I have two different use cases that share a need to link time-series data and relational data. I’m interested in strategies on how to best accomplish this.

The particulars aren’t especially important. But to paint a picture with an invented example… Imagine a manufacturing line where certain metrics are clearly time-series — e.g. defects, widgets produced — but these metrics are also tied to clearly relational data — e.g. a widget is built from a particular bill of material filled by specific lots of parts from different vendors. Say we wanted to correlate defects to vendors. It’s best to avoid forcing Influx to store complex relationships it’s not designed for. Perhaps it could be done in simple cases, but I think our use cases are over that threshold of simplicity.

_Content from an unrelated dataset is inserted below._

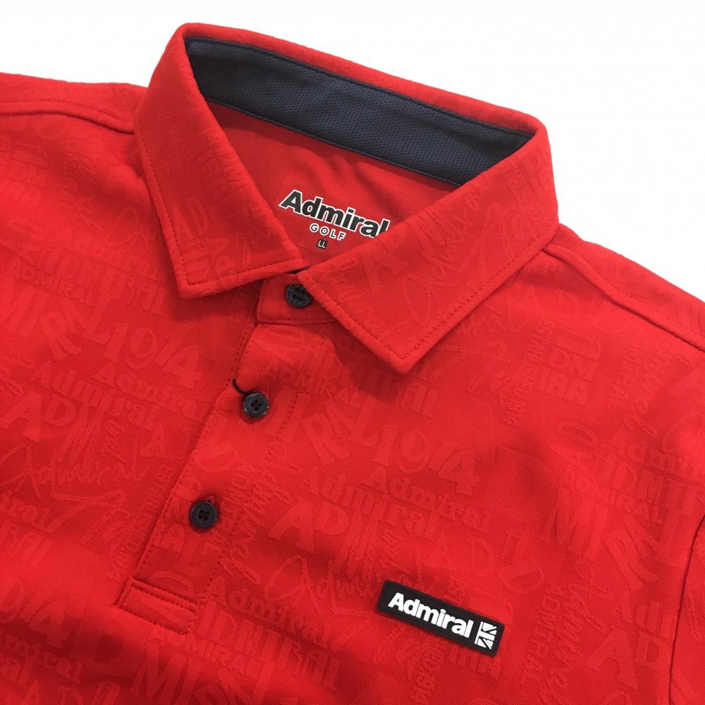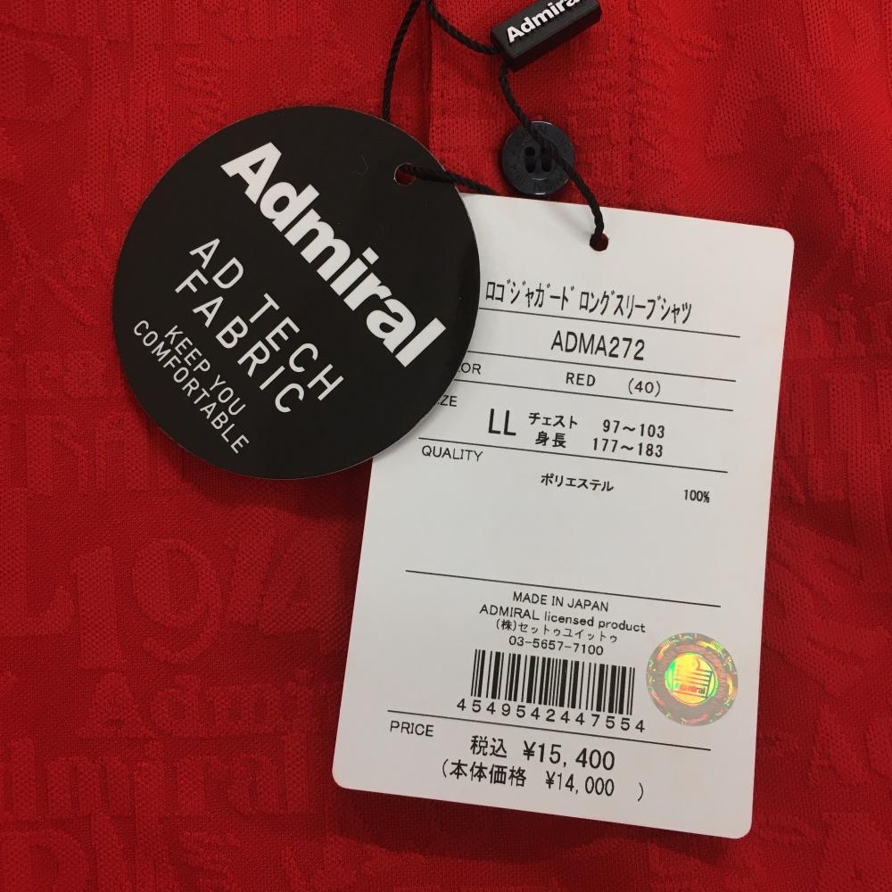 【新品】アドミラル 長袖ポロシャツ レッド ロゴ総柄織生地 UVカット メンズ LL ゴルフウェア Admiral

At first blush it seems we need one or more unique IDs to tie things together. Along with this comes necessary but manageable complications in maintaining unique IDs and linked records in disconnected systems.

Generally, are there other ways to accomplish something like the above? Entirely different strategies than a unique ID to link records in different databases? If linking IDs are the best option, are there existing good practices or even tools to help accomplish this?

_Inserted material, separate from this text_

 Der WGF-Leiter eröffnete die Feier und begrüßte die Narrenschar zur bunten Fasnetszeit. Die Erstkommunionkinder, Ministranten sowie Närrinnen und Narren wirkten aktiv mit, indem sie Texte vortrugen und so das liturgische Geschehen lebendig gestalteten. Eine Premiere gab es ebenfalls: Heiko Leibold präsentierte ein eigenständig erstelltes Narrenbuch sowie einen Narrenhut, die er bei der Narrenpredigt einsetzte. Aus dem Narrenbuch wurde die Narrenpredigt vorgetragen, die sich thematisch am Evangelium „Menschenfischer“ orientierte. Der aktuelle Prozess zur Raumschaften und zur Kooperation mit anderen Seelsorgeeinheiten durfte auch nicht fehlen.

I’m interested in the larger philosophical thinking and design than drilling down into the specifics of our use cases (which are not yet well defined anyhow).

Thanks in advance for any guidance or resources.

1 Like

Hello @mkarlesky,

Good question! I’m not entirely sure what the best practices are. You might want to take a look at these: SideloadNode | Kapacitor 1.5 Documentation
telegraf/plugins/inputs/postgresql_extensible at master · influxdata/telegraf · GitHub

You’re on the right track though. You would probably need some unique ID’s to tie things together. This reminds me of how trucking companies use geohashes with influxdb to get an approximation for the trucks’ position. Maybe you could apply a similar logic? Maybe you could have tags that describe a range of vendors and then use sideload to add the exact ID once you’ve identified a default? Using some process of elimination logic? Again, great question!

Here’s a more eloquent answer from a coworker “People will either store extra data needed as tags or do a DIY implementation to add a tag that points back to data in another system”.

Thank you, @Anaisdg. The more eloquent answer is the approach we’re taking. It’s nice to have some confirmation. It was hard to envision any other way to do it, but we thought it best to ask.

UPDATE: Flux’s ability to join multiple data sources is ultimately one of the best approaches for the use case I described.